Your thoughts are appreciated.
EDIT: I'm actually using SQL Server 2005 though I initially said 2000. We aren't quite as backwards as I thought. Sorry.
I cannot test the code right now, so take it with a pinch of salt, but I think that something looking more or less like the following should answer the question:
with q(SchedId, PaymentNum, DueDate, RunningExpectedTotal) as
(select SchedId,
1 as PaymentNum,
StartDate as DueDate,
PaymentAmt as RunningExpectedTotal
from PaymentScheduleTable
union all
select q.SchedId,
1 + q.PaymentNum as PaymentNum,
DATEADD(month, s.Frequency, q.DueDate) as DueDate,
q.RunningExpectedTotal + s.PaymentAmt as RunningExpectedTotal
from q
inner join PaymentScheduleTable s
on s.SchedId = q.SchedId
where q.PaymentNum <= s.Term / s.Frequency)
select *
from q
order by SchedId, PaymentNum
Try using a table of integers (or better this: http://www.sql-server-helper.com/functions/integer-table.aspx) and a little date math, e..g. start + int * freq
I've used table-valued functions to achieve a similar result. Basically the same as using a table variable I know, but I remember being really pleased with the design.
The usage ends up reading very well, in my opinion:
/* assumes #startdate and #enddate schedule limits */
SELECT
p.paymentid,
ps.paymentnum,
ps.duedate,
ps.ret
FROM
payment p,
dbo.FUNC_get_payment_schedule(p.paymentid, #startdate, #enddate) ps
ORDER BY p.paymentid, ps.paymentnum
A typical solution is to use a Calendar table.
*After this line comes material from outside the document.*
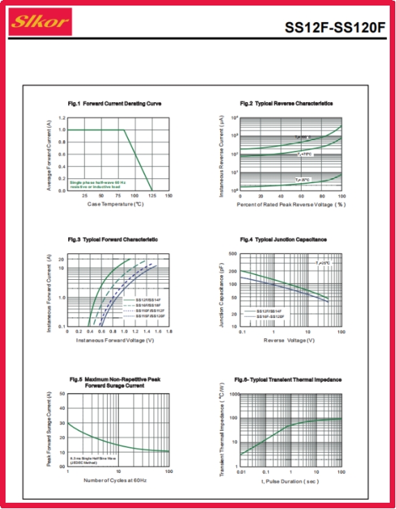 薩科微Slkor肖特基二極管SS14F相關參數
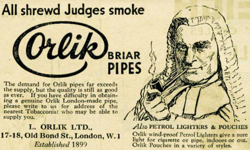 | Keywords: Orlik pipes advertisement.jpg Advertisement for the Orlik pipe company showing their trademark judge figure http //pipesmagazine com/forums/topic/a-few-cool-vintage-ads Pipemagazine com 1920 Orlik Company Advertisements in the United Kingdom Smokers pipes in art Judges in art 1920 advertisements Unclear-PD-US-old-70 |

You can expand it to fit your own needs, but it would look something like:
CREATE TABLE Calendar
(
calendar_date DATETIME NOT NULL,
is_holiday BIT NOT NULL DEFAULT(0),
CONSTRAINT PK_Calendar PRIMARY KEY CLUSTERED calendar_date
)
In addition to the is_holiday you can add other columns that are relevant for you. You can write a script to populate the table up through the next 10 or 100 or 1000 years and you should be all set. It makes queries like that one that you're trying to do much simpler and can give you additional functionality.